The social scientist Yu Jianrong suggested that political participation of peasants changed from spontaneous “routine resistance” before the 1990s, to “lawful rebellion” (citing state policies or laws to oppose political arbitrariness at the local level) until 1998, and to “actively using the law to fight” since then. According to Yu, using the law to fight is characterized by a struggle for political rights and the enforcement of existing laws and regulations. It is directed toward local officials, not the political system. Peasants establish transvillage communication networks, demonstrate, and conduct sit-ins to enact change. Their actions are “permitted by law” but “prohibited by politics.” In the future this might change from securing rights by law to political participation by law. The peasantry could become a strong force for general participation.

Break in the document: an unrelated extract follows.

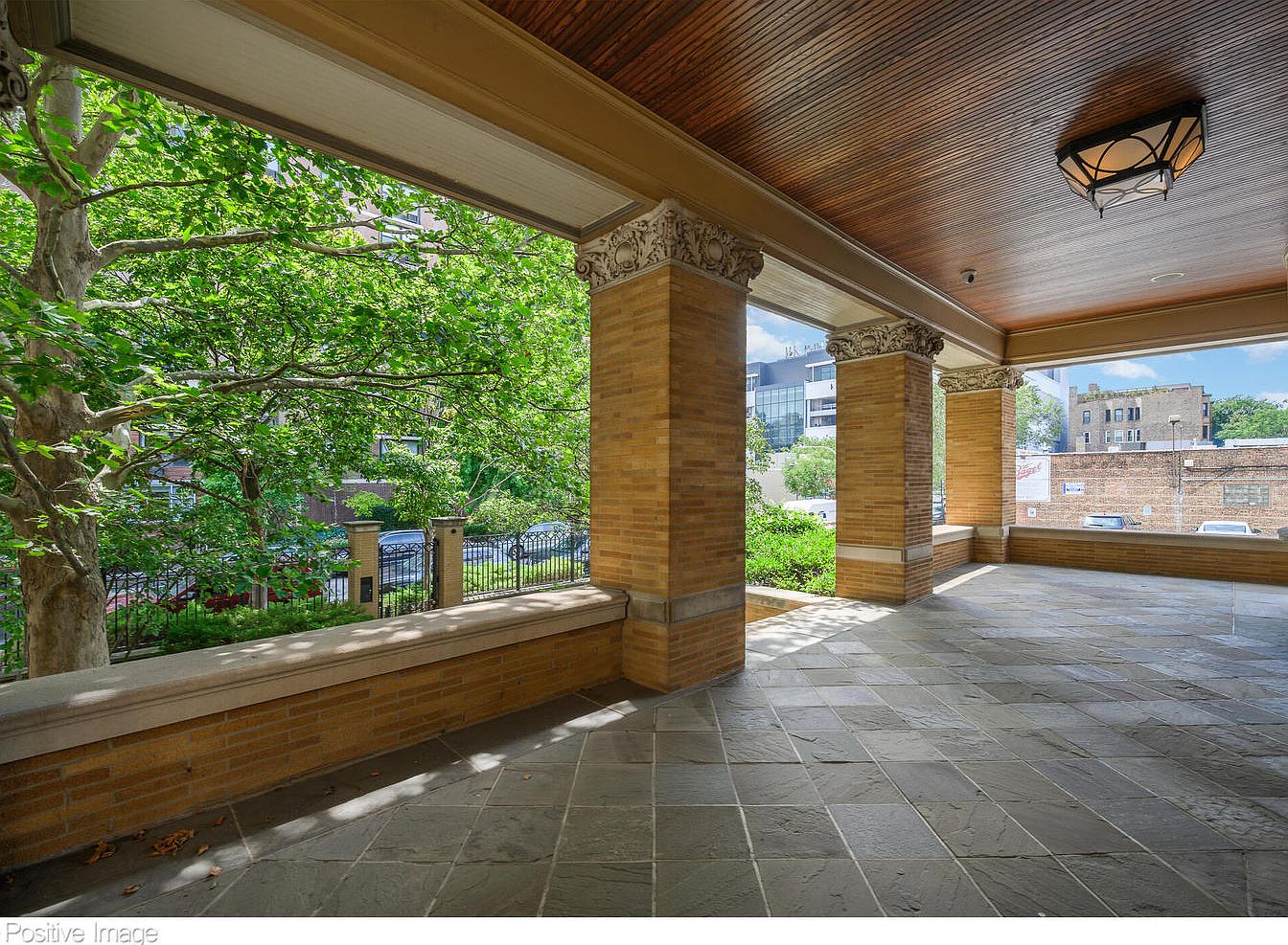 Expansive, covered porch framed by substantial brick columns with ornate capitals, adding a touch of historic elegance. The ceiling is finished in warm-toned wood planks, teamed with a geometric black-and-white light fixture. Stone tiles cover the floor, creating a cool, textured surface that’s practical and handsome. Large, built-in stone benches line the perimeter, inviting relaxation while overlooking a lush, tree-filled garden and wrought iron fencing. The porch opens widely to the surrounding urban landscape, offering both privacy with its solid railings and a welcoming entrance to the home’s exterior. Natural light filters through the leafy branches, enhancing the tranquil environment.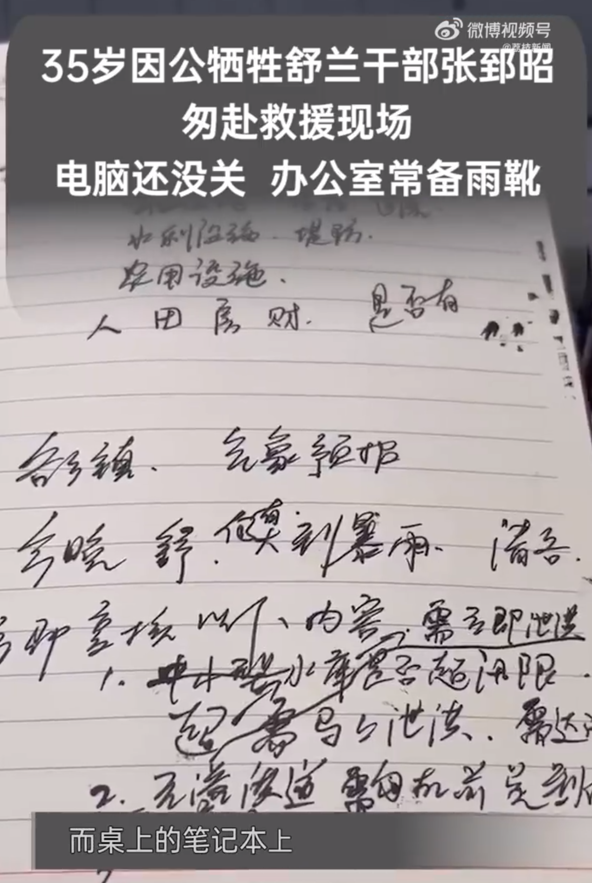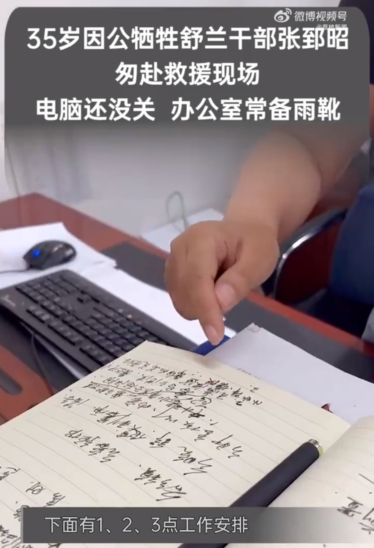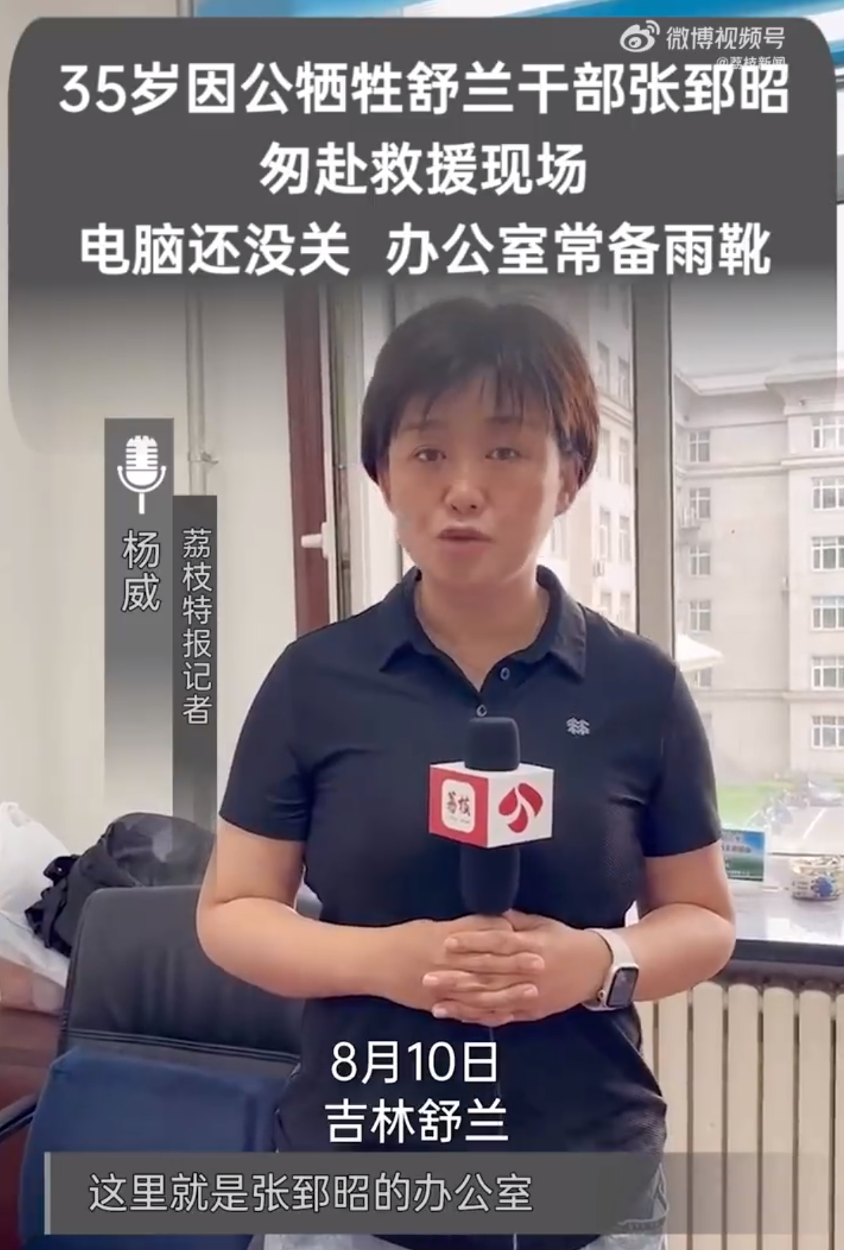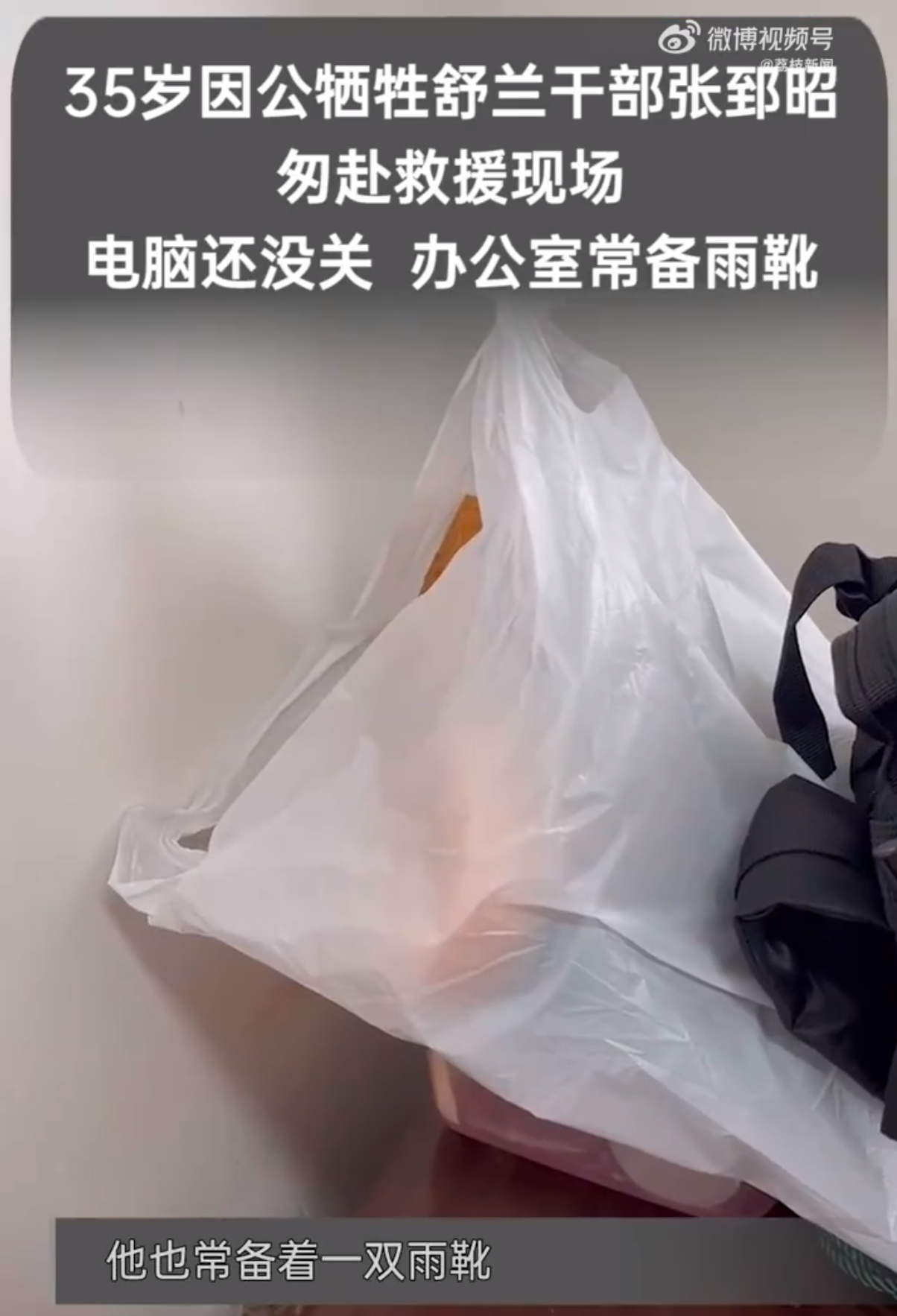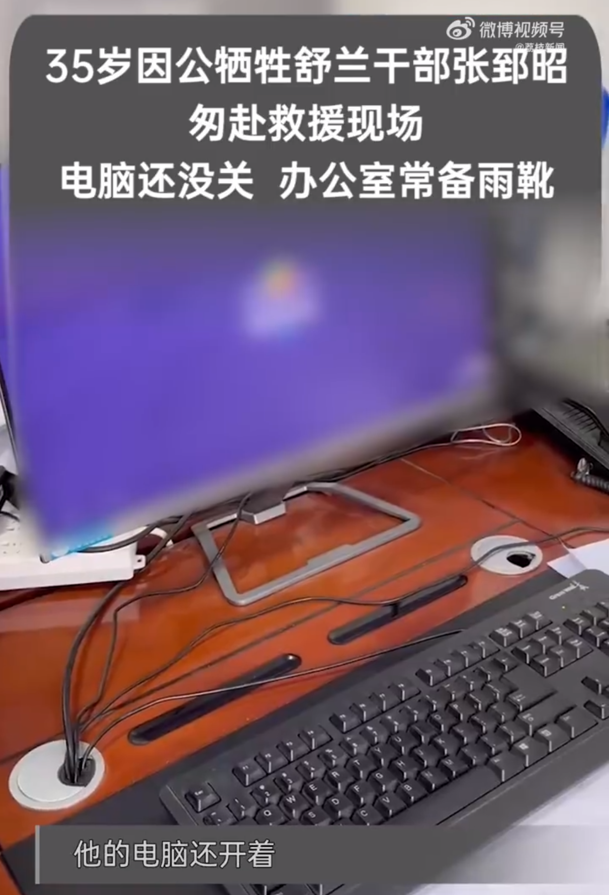 8月10日,据荔枝新闻消息:记者在因公牺牲的舒兰干部张郅昭的办公室看到,由于匆忙赶赴救援现场,他的电脑还没来得及关上,因为经常下乡,他在办公室常备着一双雨靴。

Although direct participation in Chinese power structures still depends on membership in the CCP, political power and political influence do not stem only from party membership. More than ever before, China’s people have the opportunity to express their interests, to act, and to participate in the political life of the nation.

Rise of the Internet

The Internet is another field of participation that in recent years has spawned new forms of public activity. It has had an effect on the emergence of a new form of public space, the development of “virtual” social organizations, and of widespread protest activities that would have been virtually unthinkable before. Furthermore, by encouraging public debate and the articulation of problems it functions as a tool for social transparency.

In 2008 the number of Internet users in China reached more than 250 million. Yet this figure does not say much about how the Internet is used. A Chinese study found that 46.2 percent of those surveyed used the Internet for information, while nearly a third (32.2 percent) used it mainly for entertainment. Certainly Internet access provides an alternative source of information on domestic and international developments, yet it remains to be seen whether or not the Internet will function as a tool for political change.

Undoubtedly in recent years the number of Internet portals with news and up-to-date information, as well as the number of virtual communities, has significantly increased. In particular, the better-educated and younger people in urban areas participate more in public debates in the public space of the Internet, thus redefining the interrelationship between the state and society. The anonymity of the Internet has spawned a newly critical public. Active users who pick up information on social injustice, on the hush-up of local disasters, criminal activities, and corruption, and spread the news and put it up for public discussion are called wang luo gong min— “netizens” (a portmanteau of Internet and citizen).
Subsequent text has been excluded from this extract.